Близок день, когда ты поедешь в Париж; поездка эта в том или другом отношении, но непременно будет иметь огромные последствия для тебя, и поэтому в письмах своих я впредь всегда буду иметь этот новый меридиан. Там подле тебя не будет уже м-ра Харта и ты во всём должен будешь руководствоваться собственным благоразумием, а я позволю себе всё же немного усомниться в благоразумии восемнадцатилетнего юноши. В Академии ты повстречаешь множество молодых людей, которые будут ещё менее благоразумны, чем ты. Со всеми из них тебе придётся познакомиться, но сначала хорошенько оглядись и узнай, что это за люди, а потом уже сближайся с ними и caeteris paribus[1] останови свой выбор на лицах более высокого положения и знатных. Окажи им особое внимание – тогда ты будешь принят в их дома и сможешь бывать в самом лучшем обществе. Все эти юные французы до чрезвычайности étourdis[2]: будь осторожен, избегай всякого рода столкновений и ссор; даже шутя не позволяй себе никаких фамильярных жестов; воздержись от jeux de main[3] и coups de chambriere[4], – то и другое нередко приводит к ссорам. Будь, пожалуйста, таким же весёлым, как и они, но вместе с тем будь и немного поумней.
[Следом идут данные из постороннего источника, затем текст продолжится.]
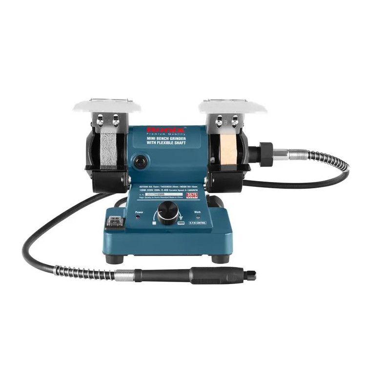 چرخ سنباده یا سنگ فرز رومیزی، ابزاری است که دو طرف آن، دو صفحه سنباده یا پولیش تعبیه شده و از آن به صورت ثابت روی میز استفاده میشود. رونیکس، مدلهای متفاوتی از چرخ سنباده را متناسب با نیاز کاربران طراحی و تولید میکند. چرخ سنباده مینیاتوری 3575 رونیکس با شلنگ سه نظامدار، ابزاری چندمنظوره است و برای فرزکاری، سوراخکاری، پولیش، سنبادهزنی و حکاکی سطوح مختلف از آن استفاده میشود.

Ты убедишься, что в отношении изящной литературы большинство из них – сущие невежды; не попрекай их этим невежеством и не давай им почувствовать своё превосходство над ними; они нисколько не виноваты в том, что воспитаны для военной службы. Но вместе с тем не позволяй этим невежественным и праздным людям посягать на утренние твои часы, которые ты, может быть, сумеешь посвятить серьёзным занятиям. Никаких завтраков вместе с ними – это отнимает очень много времени, лучше скажи им (только отнюдь не назидательным менторским тоном), что утром ты собираешься часа два-три почитать, а всё остальное время ты к их услугам. Между прочим, я всё же надеюсь, что и вечера свои ты будешь проводить среди людей более умных.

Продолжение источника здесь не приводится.